Word for word, print each line of the listing below; pictures stay out.

· · · · · · ·

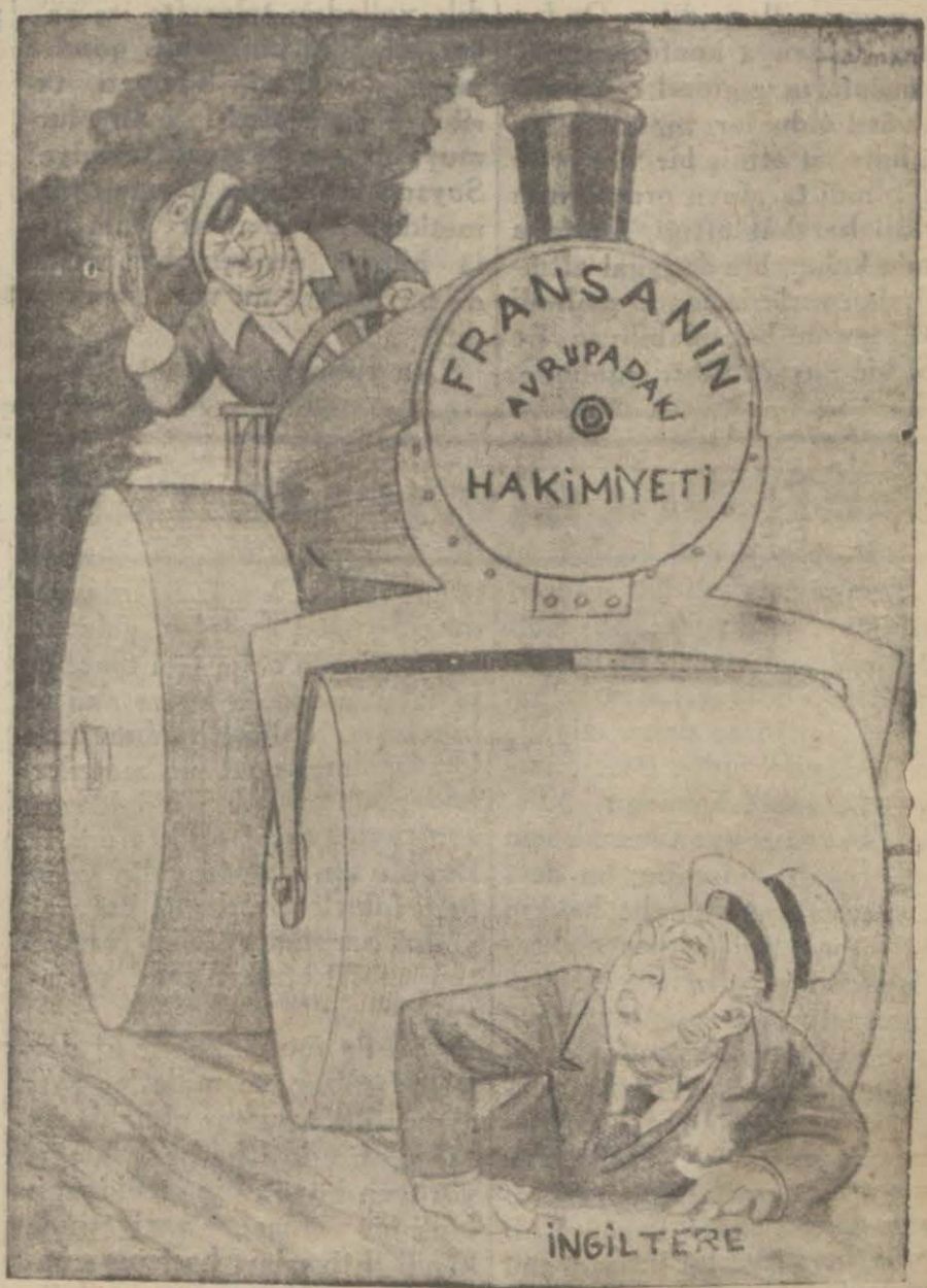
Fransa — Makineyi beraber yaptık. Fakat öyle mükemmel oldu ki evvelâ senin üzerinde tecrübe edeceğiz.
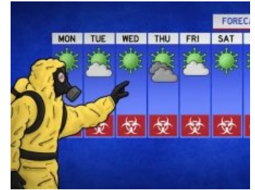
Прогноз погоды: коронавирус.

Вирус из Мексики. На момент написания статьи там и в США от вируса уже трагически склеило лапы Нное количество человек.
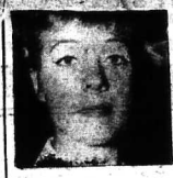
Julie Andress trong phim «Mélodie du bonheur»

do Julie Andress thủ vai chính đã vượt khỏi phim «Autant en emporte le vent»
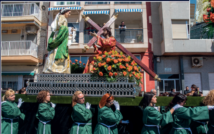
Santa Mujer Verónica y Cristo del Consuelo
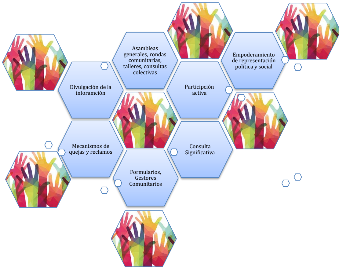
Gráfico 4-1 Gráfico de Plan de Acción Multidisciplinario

· · · · · · ·

▶ TASK RESPONSE:
Fransa — Makineyi beraber yaptık. Fakat öyle mükemmel oldu ki evvelâ senin üzerinde tecrübe edeceğiz.
Прогноз погоды: коронавирус.

Вирус из Мексики. На момент написания статьи там и в США от вируса уже трагически склеило лапы Нное количество человек.
Julie Andress trong phim «Mélodie du bonheur»

do Julie Andress thủ vai chính đã vượt khỏi phim «Autant en emporte le vent»
Santa Mujer Verónica y Cristo del Consuelo
Gráfico 4-1 Gráfico de Plan de Acción Multidisciplinario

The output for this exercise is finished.